» Exercise goal
Return exactly, please, the lines from the one containing "Точное положение разметки" to the last line of the entries below, and nothing else, leaving pictures out.

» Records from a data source
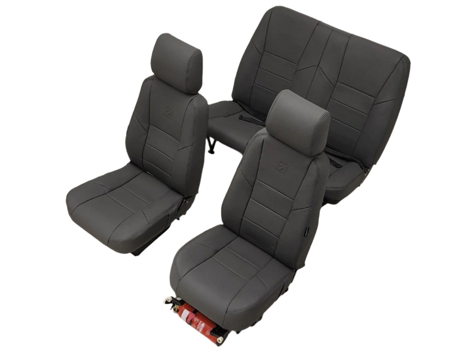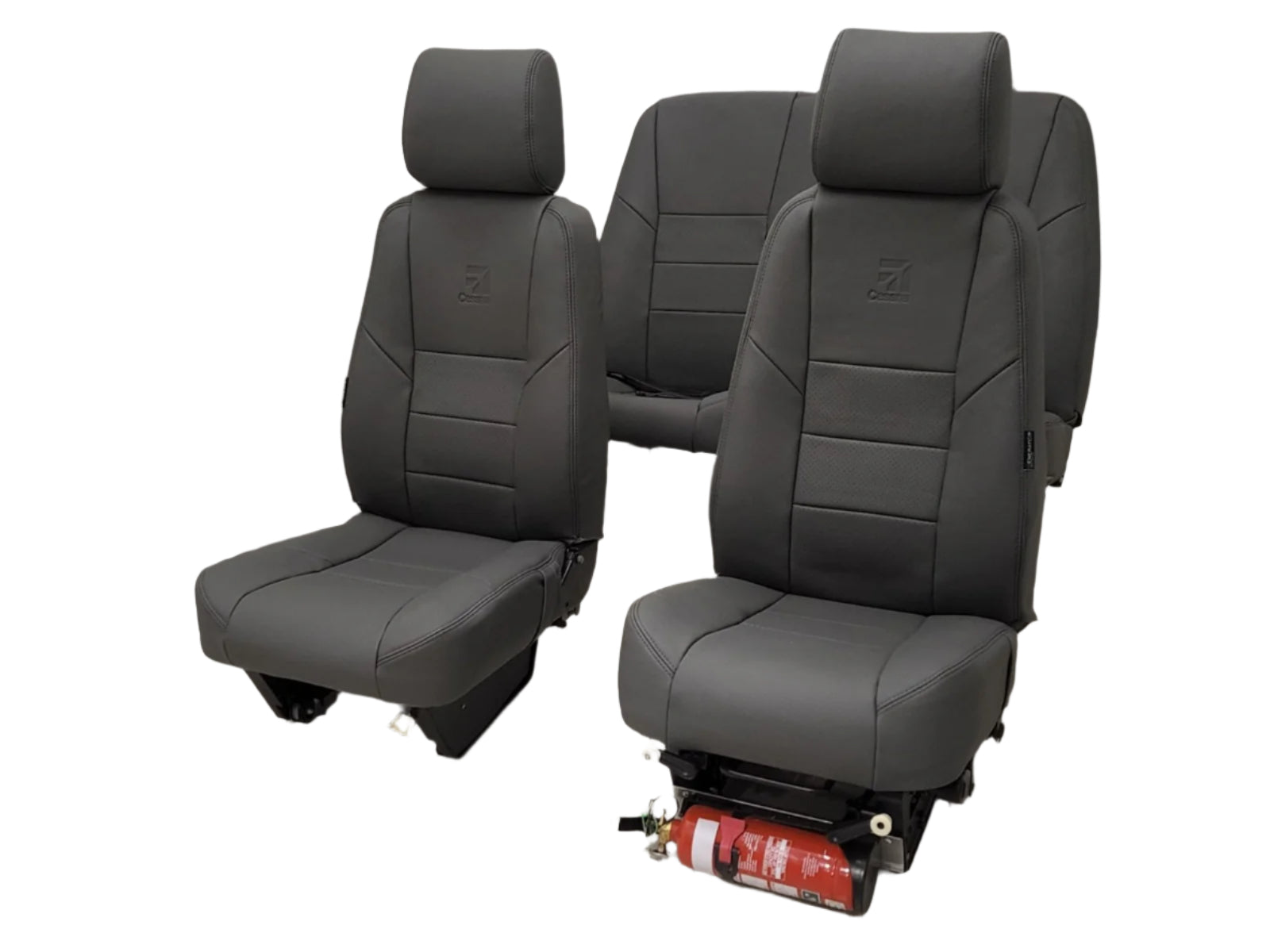 The charcoal grey leather was not only used for the seat covers but also extended to the sidewalls, armrests, and draught excluders, providing a seamless look throughout the cabin. For a cohesive theme, all plastic trims were carefully painted to match the headlining, ensuring color consistency across the interior.
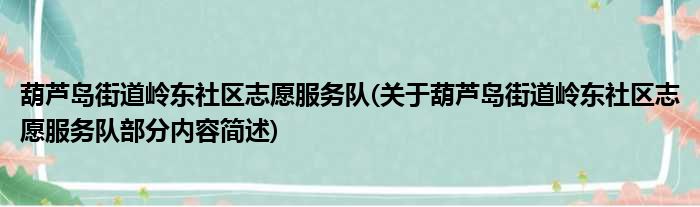 葫芦岛街道岭东社区志愿服务队(关于葫芦岛街道岭东社区志愿服务队部分内容简述)
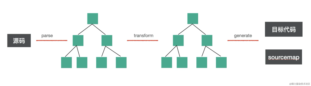 babel 编译流程分为 parse、transform、generate 三个阶段。
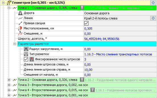 Точное положение разметки можно задать в инспекторе объектов в разделе Геометрия. Здесь же отображается линия привязки разметки и дорога, к которой разметка привязана. Чтобы изменить линию привязки любой точки разметки, нажмите кнопку
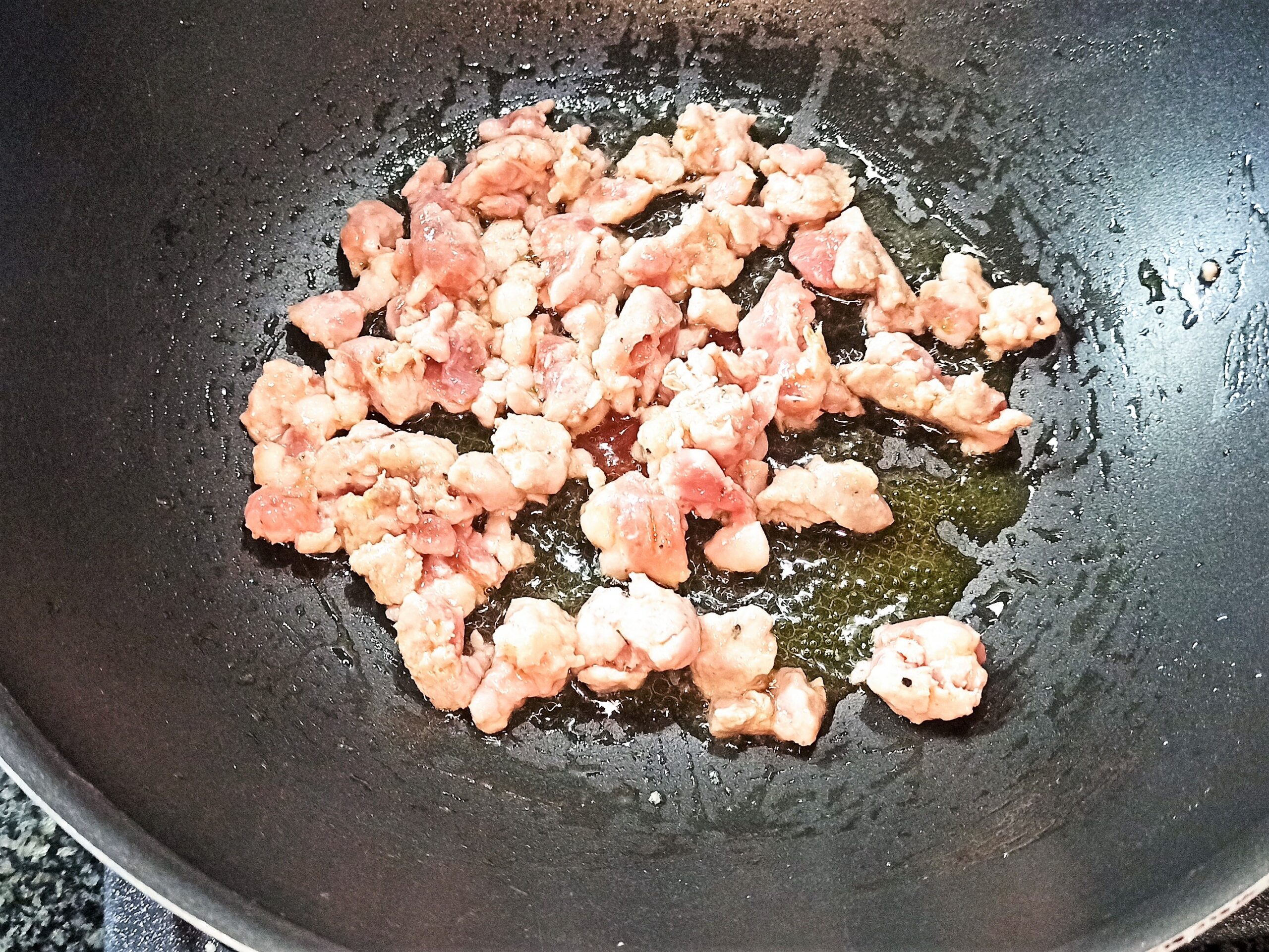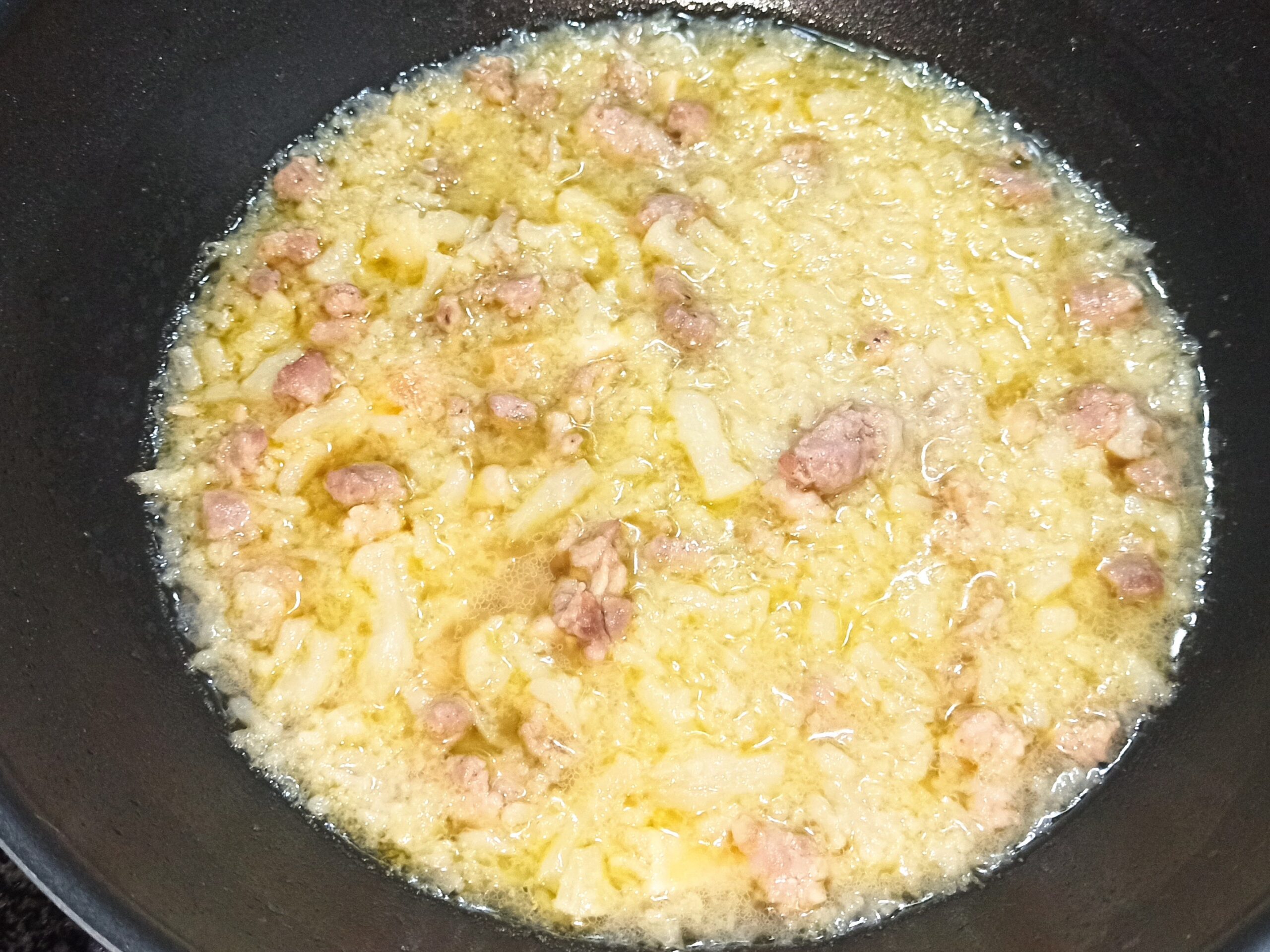 Per preparare la pasta mista con cavolfiore e salsiccia, iniziate a mettere un giro d’olio evo in una capiente padella, unite lo spicchio d’aglio, lasciate imbiondire ed eliminatelo.

» Response below
 Точное положение разметки можно задать в инспекторе объектов в разделе Геометрия. Здесь же отображается линия привязки разметки и дорога, к которой разметка привязана. Чтобы изменить линию привязки любой точки разметки, нажмите кнопку
 Per preparare la pasta mista con cavolfiore e salsiccia, iniziate a mettere un giro d’olio evo in una capiente padella, unite lo spicchio d’aglio, lasciate imbiondire ed eliminatelo.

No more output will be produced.